Content starts

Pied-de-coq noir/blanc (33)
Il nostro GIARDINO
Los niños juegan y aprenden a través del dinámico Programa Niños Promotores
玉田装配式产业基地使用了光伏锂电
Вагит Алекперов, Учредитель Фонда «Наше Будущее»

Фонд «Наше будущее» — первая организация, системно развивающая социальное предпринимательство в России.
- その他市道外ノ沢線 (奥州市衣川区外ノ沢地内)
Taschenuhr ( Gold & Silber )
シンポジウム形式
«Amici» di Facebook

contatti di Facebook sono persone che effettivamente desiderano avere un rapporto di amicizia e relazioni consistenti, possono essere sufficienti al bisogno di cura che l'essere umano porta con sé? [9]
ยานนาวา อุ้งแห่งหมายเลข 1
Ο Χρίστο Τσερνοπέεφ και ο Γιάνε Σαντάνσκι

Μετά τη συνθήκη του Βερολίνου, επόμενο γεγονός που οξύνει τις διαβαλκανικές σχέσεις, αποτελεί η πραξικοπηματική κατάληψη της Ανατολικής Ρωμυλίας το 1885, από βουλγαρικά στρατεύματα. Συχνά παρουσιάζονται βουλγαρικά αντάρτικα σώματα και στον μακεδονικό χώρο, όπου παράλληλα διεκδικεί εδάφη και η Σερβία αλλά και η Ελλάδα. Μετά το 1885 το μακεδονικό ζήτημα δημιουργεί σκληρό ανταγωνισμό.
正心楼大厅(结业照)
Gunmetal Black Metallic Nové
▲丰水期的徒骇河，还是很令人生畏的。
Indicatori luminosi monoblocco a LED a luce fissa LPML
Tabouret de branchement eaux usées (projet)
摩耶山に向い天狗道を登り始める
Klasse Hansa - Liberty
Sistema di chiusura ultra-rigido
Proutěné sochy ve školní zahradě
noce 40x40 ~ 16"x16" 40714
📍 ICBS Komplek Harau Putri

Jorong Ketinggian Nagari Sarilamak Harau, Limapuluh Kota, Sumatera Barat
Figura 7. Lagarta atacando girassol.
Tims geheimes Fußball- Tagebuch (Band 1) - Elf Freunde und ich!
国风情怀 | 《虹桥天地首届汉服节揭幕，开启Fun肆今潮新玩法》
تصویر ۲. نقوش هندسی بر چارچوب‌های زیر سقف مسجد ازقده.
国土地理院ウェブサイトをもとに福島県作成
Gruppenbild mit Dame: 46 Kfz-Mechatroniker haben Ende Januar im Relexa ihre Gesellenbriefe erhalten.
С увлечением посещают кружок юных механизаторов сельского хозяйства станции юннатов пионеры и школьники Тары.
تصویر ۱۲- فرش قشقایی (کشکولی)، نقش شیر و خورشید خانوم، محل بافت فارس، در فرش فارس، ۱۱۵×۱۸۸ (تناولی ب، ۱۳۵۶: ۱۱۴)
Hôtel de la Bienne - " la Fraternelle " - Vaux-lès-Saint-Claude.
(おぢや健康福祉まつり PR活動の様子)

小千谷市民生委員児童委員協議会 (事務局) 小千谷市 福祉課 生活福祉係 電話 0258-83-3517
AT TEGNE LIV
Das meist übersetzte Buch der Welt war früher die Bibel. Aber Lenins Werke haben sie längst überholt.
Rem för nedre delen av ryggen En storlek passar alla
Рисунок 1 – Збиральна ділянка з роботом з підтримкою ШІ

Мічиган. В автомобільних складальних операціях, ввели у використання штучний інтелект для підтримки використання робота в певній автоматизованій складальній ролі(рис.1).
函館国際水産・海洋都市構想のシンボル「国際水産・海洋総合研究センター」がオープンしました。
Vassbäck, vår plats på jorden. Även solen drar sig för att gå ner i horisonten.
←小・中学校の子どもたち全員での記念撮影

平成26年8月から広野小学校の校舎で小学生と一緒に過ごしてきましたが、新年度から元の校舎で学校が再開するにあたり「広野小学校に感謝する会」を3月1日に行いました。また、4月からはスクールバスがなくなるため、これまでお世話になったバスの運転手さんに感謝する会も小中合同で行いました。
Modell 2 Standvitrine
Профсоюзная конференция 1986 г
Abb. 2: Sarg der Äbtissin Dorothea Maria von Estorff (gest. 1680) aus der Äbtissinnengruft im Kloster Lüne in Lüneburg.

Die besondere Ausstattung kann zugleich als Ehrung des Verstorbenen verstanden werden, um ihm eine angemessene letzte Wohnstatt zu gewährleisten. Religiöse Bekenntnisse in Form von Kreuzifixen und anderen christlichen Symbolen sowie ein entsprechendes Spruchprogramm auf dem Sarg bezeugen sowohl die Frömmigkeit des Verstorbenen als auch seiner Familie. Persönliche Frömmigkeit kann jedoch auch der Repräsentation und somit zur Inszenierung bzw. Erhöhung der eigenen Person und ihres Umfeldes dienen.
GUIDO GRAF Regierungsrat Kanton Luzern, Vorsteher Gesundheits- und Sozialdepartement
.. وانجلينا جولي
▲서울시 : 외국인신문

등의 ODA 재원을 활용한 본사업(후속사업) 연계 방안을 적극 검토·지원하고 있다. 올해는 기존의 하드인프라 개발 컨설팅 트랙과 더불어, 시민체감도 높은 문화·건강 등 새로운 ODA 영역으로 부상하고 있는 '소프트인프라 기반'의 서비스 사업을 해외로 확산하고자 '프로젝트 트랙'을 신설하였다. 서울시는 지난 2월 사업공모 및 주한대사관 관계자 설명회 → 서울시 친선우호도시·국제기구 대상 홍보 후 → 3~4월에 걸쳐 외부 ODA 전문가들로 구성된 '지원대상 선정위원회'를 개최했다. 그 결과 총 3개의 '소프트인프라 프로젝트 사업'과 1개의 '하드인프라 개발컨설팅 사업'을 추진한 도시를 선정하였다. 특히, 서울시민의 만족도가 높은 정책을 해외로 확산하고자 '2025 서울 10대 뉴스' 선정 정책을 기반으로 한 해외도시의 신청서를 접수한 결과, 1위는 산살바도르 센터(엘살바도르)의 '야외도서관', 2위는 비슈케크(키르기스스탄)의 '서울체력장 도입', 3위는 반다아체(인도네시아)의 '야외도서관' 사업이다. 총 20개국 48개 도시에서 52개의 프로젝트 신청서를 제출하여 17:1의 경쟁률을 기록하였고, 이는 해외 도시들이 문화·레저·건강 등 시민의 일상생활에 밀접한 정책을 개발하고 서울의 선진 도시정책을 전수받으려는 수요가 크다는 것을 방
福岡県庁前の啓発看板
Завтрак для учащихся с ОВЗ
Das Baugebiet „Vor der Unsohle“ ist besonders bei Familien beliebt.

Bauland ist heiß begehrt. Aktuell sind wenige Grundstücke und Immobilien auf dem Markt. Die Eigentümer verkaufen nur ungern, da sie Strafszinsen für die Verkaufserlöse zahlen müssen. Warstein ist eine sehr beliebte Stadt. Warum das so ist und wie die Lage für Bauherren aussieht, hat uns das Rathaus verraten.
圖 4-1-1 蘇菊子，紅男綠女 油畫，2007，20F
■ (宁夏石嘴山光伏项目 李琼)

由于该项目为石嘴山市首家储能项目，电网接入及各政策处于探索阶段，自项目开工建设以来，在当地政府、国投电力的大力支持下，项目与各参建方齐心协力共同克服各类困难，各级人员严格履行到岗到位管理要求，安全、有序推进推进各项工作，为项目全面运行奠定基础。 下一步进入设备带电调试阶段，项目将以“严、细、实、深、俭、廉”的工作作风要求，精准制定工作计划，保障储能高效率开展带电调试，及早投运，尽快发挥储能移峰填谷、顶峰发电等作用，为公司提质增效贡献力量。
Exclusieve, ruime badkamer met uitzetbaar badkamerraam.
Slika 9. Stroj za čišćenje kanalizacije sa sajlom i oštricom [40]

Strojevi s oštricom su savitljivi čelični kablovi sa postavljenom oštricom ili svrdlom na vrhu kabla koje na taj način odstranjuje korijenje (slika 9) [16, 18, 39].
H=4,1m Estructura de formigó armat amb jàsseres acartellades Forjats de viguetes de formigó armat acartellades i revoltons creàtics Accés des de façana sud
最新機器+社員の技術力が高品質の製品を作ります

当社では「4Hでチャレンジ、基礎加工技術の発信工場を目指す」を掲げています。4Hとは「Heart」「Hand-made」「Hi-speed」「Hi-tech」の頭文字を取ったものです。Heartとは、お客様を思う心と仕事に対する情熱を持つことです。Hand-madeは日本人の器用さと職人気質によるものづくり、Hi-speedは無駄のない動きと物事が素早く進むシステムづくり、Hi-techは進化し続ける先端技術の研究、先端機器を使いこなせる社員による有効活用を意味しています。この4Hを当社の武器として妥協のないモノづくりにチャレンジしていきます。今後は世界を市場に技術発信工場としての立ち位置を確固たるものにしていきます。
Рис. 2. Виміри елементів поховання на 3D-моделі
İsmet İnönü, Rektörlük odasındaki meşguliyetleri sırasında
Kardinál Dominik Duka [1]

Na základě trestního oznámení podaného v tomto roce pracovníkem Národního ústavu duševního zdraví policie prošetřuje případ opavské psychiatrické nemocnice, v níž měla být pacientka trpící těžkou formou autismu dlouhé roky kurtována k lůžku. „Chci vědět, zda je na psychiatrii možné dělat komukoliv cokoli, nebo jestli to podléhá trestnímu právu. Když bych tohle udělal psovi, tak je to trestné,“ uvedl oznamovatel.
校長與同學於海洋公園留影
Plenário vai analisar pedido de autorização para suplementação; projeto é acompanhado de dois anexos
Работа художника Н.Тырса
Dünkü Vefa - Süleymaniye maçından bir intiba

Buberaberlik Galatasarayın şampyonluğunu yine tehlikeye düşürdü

Content ends

Problem to work on: When you reach the line containing "Завтрак для учащихся с ОВЗ" in the data above, start copying exactly, and stop after the line containing "Das Baugebiet „Vor".

Answer to this task:
Завтрак для учащихся с ОВЗ
Das Baugebiet „Vor der Unsohle“ ist besonders bei Familien beliebt.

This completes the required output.